Simply put, some Rolex watches are too damaged to repair in a practical and cost-effective manner. Depending on what has happened to a watch and the extent of the resulting damage, some Rolex watches may require extensive repairs and a large number of replacement parts. In some instances, the cost of repairs may exceed the total value of the damaged watch. Consequently, not every Rolex repair story has a happy ending.

Every watch is different, and the art of Rolex watch repair is not a “paint-by-numbers” craft. However, the following rules should always be followed – and if properly followed, will save you a significant amount of money when it comes time to have your watch serviced next.


    Rolex Repair Lesson #1: Don’t Pan-Fry Your Watch


When moisture intrusion occurs, it is imperative that the watch be properly dried out to prevent damage from the resulting corrosion. What is the absolute worst way to dry out a watch? Sticking it in the frying pan like a piece of bacon to try to “cook” the moisture out of it.

In this instance, the damage from the moisture intrusion was not as bad as the damage that resulted from our customer’s misguided efforts to try to dry out their watch. The high temperatures of the frying pan irreparably damaged a large number of components and even blew the crystal and bezel off the watch.





    Rolex Repair Lesson #2: Don’t Use Your Watch as a Golf Tee


This may seem rather obvious, but severe impacts will damage your Rolex watch. Although we do not know the exact details about what happened to this particular Rolex Daytona, we do know that it was damaged while its owner was out golfing.

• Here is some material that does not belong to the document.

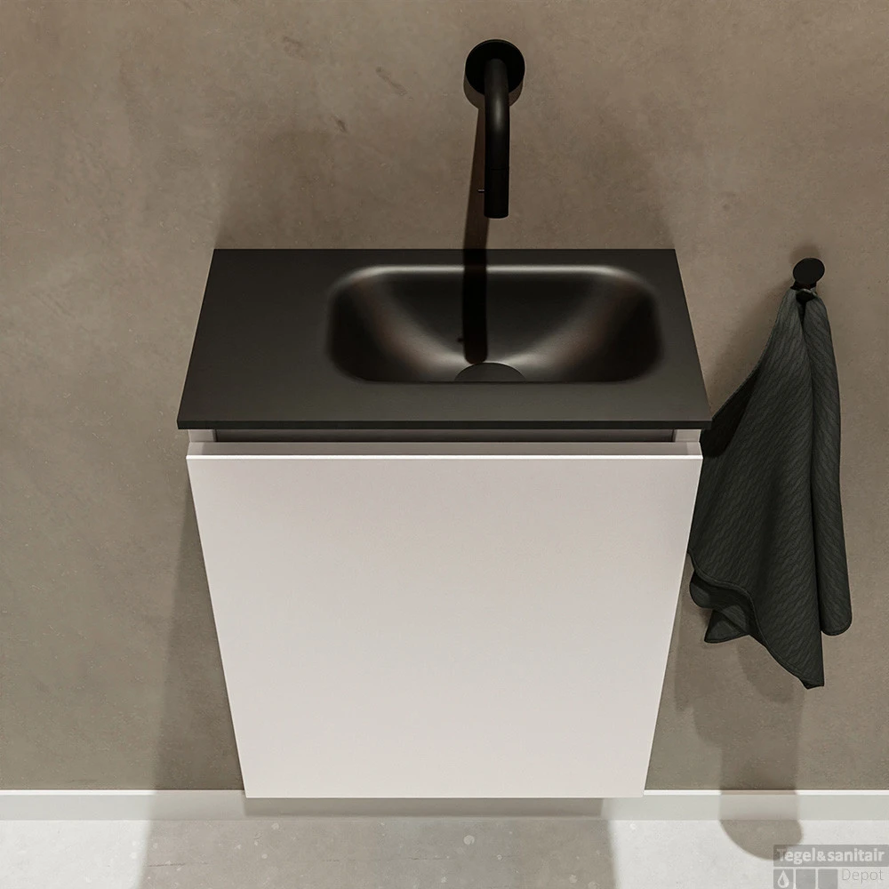 Moderniseer jouw toilet met dit toiletmeubel TURE! Het gaat hier om de vrijhangende onderkast TURE in 40cm breed met 1 deur in de kleur linen en een solid surface wastafel model EDEN in de kleur urban. De positie van de spoelbak is rechts zonder kraangat. In deze toiletmeubel serie hebben wij al meer dan 680 variaties samengesteld! Daarnaast is maatwerk mogelijk.
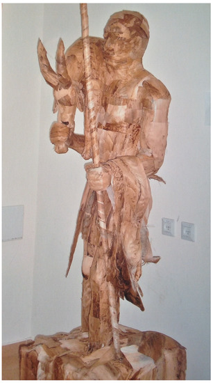 Tesfaye Tegegne creates sculptures out of materials such as industrial paint, glues, polystyrene, and iron, which he integrates with banana leaves. This combination of materials raises questions about the connections between modern technology and traditional modes of work, and meticulous, labour-intensive handiwork based on years of professional practice. In his sculptures, the artist also alludes to geographic places bound up with an agrarian society and a distinctive lifestyle. For his third solo exhibition in Israel, for example, Tegegne created a large sculpture of a man returning from the hunt. The figure, crafted from polystyrene and industrial glue, sheathed in banana leaves and resting on a square iron base, appears to be walking while carrying the animal he has slain (Figure 1). The label placed next to it in the exhibition galley reads: ‘This artwork was inspired by my childhood memories from Ethiopia. A group would go hunting and return with their kill to show the villagers their courage. In this sculpture, a hunter is carrying the dead prey on his way to receive a blessing from his father, as is customary in Ethiopia.’

Given the shattered crystal, the extensively damaged dial and hands, the severely dented bezel and case, and the fact that a number of internal components were deeply lodged into the bridges and plates of the movement, we can only assume that the owner of this particular Rolex used his watch as a golf tee at some point during his weekend game.





    Rolex Repair Lesson #3: Don’t Let Your Watch Rust


The majority of the damage that results from moisture intrusion is not caused by the moisture itself, but rather the corrosion that takes place once the moisture reacts with the oxygen in the air and starts to eat into the surfaces of the watch’s delicate metal components. The amount of time that passes after moisture first appears inside a watch is often directly proportional to the amount of corrosion that will be present inside it.

As you can tell from the picture below, A LOT of time passed before this watch was sent to us for service. As a result, A LOT of corrosion was present on the movement. Although the owner of this Rolex may have found it interesting to watch the rust grow inside his watch, the amount of corrosion on the movement was extensive, and the majority of its internal components were compromised.





    Rolex Repair Lesson #4: Don’t Turn Your Watch into an Aquarium


Moisture inside a watch is never a good thing; however there is a difference between light condensation and a significant amount of liquid. The owner of this watch forgot to make sure that his crown was screwed down before he went in the water, and an extremely large amount of moisture entered his Rolex Datejust.

The amount of water – and the type of water can have a significant effect on the extent of the damage. Even light condensation has the potential to compromise the delicate internal components of a watch; however flooding a watch with dark, murky water and turning it into a miniature, wrist-mounted aquarium will almost always result in extensive damage.





    Rolex Repair Lesson #5: Don’t Use Your Watch as Sandpaper


Despite the robust build quality of Rolex watches, they still have the limitations of the materials from which they are constructed. Although metal is remarkably strong and durable, even Rolex’s proprietary alloys will wear down after repeated and prolonged contact with another surface.

The owner of this watch wore it on the same wrist as a large bracelet, which resulted in a significant amount of wear on the bottom edge of the watch from it rubbing against another metal surface for many years. Although the internal components of the watch were in decent condition, the extensive wear to the case and case-back prohibit the watch from ever being able to be sealed properly again.